Tim O’Reilly and John Battelle recently proposed the term “Web Squared” to describe the next phase of the web, where “web meets world” in a melange of collective intelligence, data utilities, pervasive sensing, real time feedback, visualization, emergent semantic structure, and information infusing the physical world. For what it’s worth, I quite like it. We needed a new handle for the remarkable confluence of technologies we are experiencing, and I think Web Squared nicely captures the exponential expansion of possibilities while reaffirming that the web is the only plausible distributed systems infrastructure to build the new world on.
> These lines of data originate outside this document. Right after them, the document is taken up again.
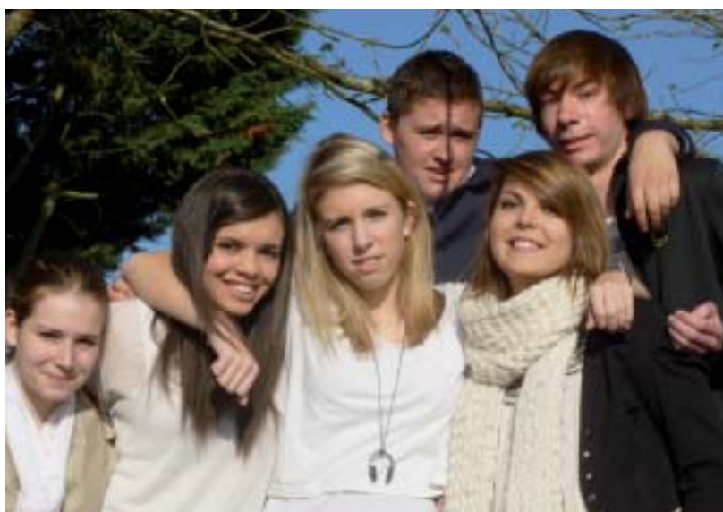
Des terminales prêts à larguer les amarres pour mettre le cap sur la vie, après trois années au Roc dont ils garderont le souvenir.

Je n'ai pas eu un meilleur moment mais plusieurs ! Ce qui m'a paru le mieux au long de ces trois années, ce sont les rencontres. De la seconde à la terminale, j'ai fait la connaissance de personnes géniales, et c'est surtout grâce à elles que j'ai passé de merveilleux moments au lycée. Je n'aurais jamais cru dire ça quand je suis arrivée en seconde, mais l'ambiance, les fous rires en cours, au self... vont sûrement me manquer. Ces années étaient vraiment parfaites et resteront de très bons souvenirs.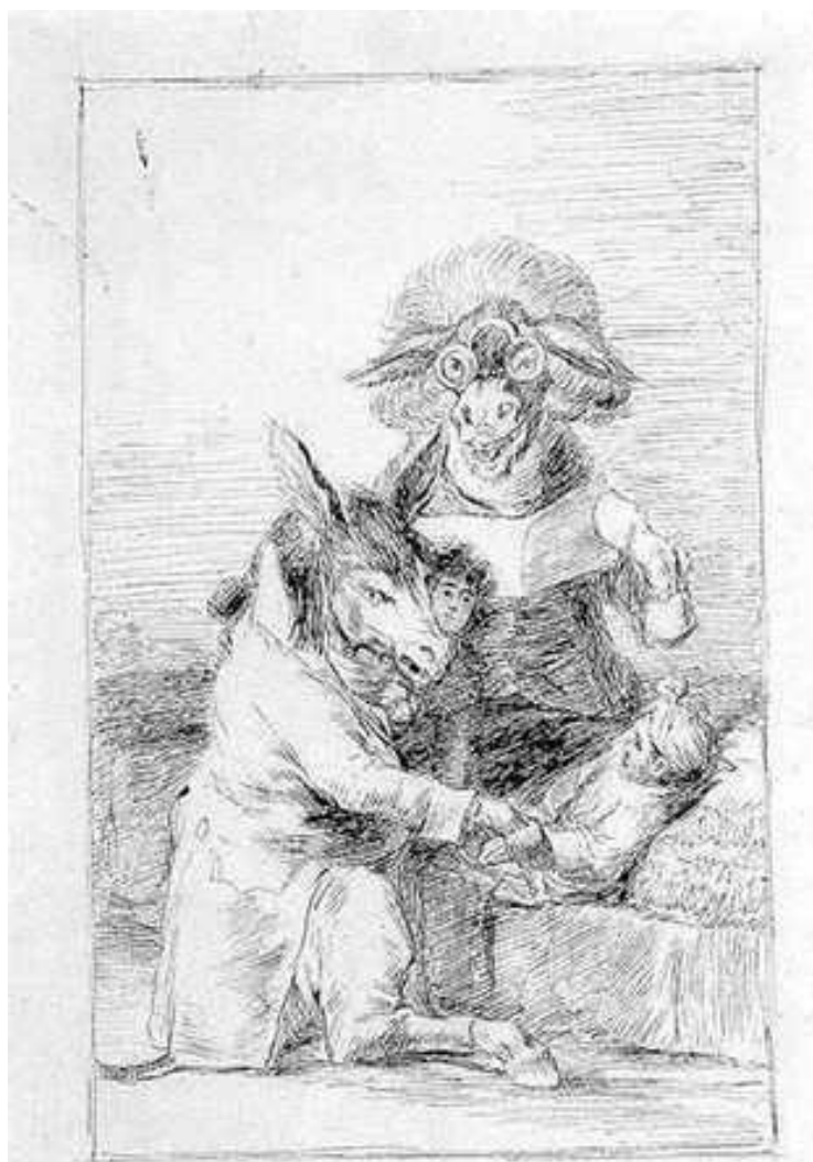
GOYA "Brujas disfrazadas de médicos"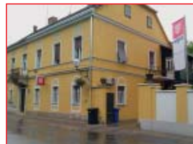
SANACIJA POSLOVNOG OBJEKTA, VARAŽDIN Investitor: Triglav osiguranje d.d., Zagreb Površina: 500,00 m 2 Završeno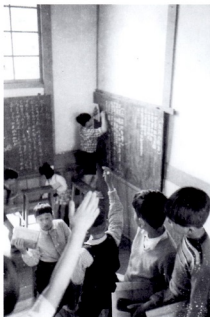
なかよし (なかよし委員会)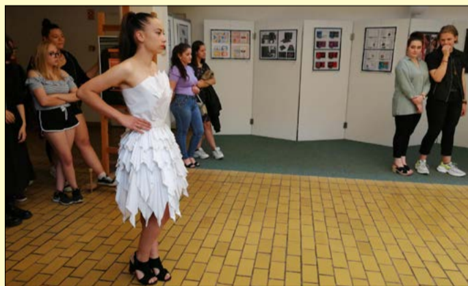
Rendhagyó kiállítás-megnyitó a könyvtárban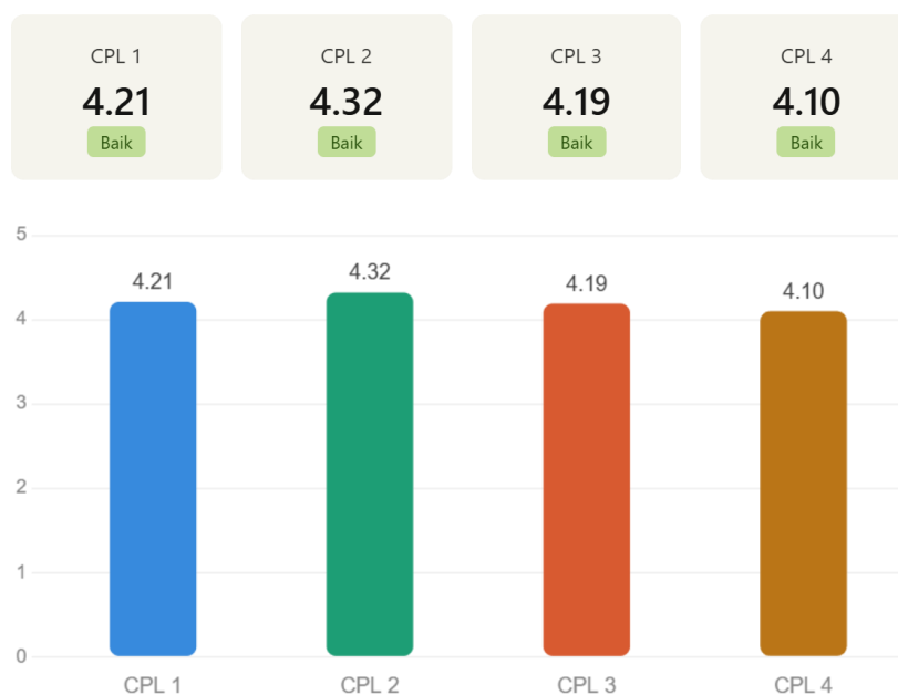
Grafik Capaian CPL Program Studi S2 Linguistik Terapan

Berdasarkan hasil exit survey yang dihimpun dan disusun menjadi grafik seperti di atas, maka dapat diperoleh hasil interpretasi hasil capaian CPL Prodi Linguistik Terapan. Secara keseluruhan, seluruh CPL menunjukkan capaian yang berada pada kategori Baik dengan rentang rerata skor antara 4,10 hingga 4,32 dari skala maksimal 5. Hal ini mengindikasikan bahwa lulusan menilai diri mereka telah memiliki kompetensi yang memadai di seluruh bidang yang dikembangkan oleh program studi.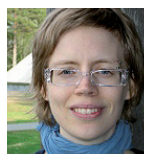
Malin Lindberg Winnet Centre of Excellence

I was also intrigued by the authors’ conclusion, which moves the discussion beyond the realm of technology and into “the stuff that matters”:
All of this is in many ways a preamble to what may be the most important part of the Web Squared opportunity. The new direction for the Web, its collision course with the physical world, opens enormous new possibilities for business, and enormous new possibilities to make a difference on the world’s most pressing problems.
As a techno-optimist by nature, I’m pretty susceptible to visions of enormous new possibilities. I’ve even generated a few of those lovely consensual hallucinations myself, and they can be very exciting to be in the middle of. And it’s almost certainly true – the potential implications are huge. However, I think we also need to examine this vision more critically as part of the ongoing discussion, for example giving serious attention to Adam Greenfield’s design principles for Everyware, and to John Thackara’s concerns when he writes:
Connected environments…and the Internet of Things as a whole, are not a step forwards if they guzzle matter and energy as profligately as the internet of emails does
and echoes Patricia de Martelaere’s caution against
“wasting our lives by continuously watching images of world-processes, or processes of our own body, and desperately trying to interfere – like a man chasing his own shadow.”
After all, in the era of Web Squared we are not just creating new business opportunities; we are talking about cyberspace seeping out of the very fabric of reality. I’m thinking that we don’t want to screw that up.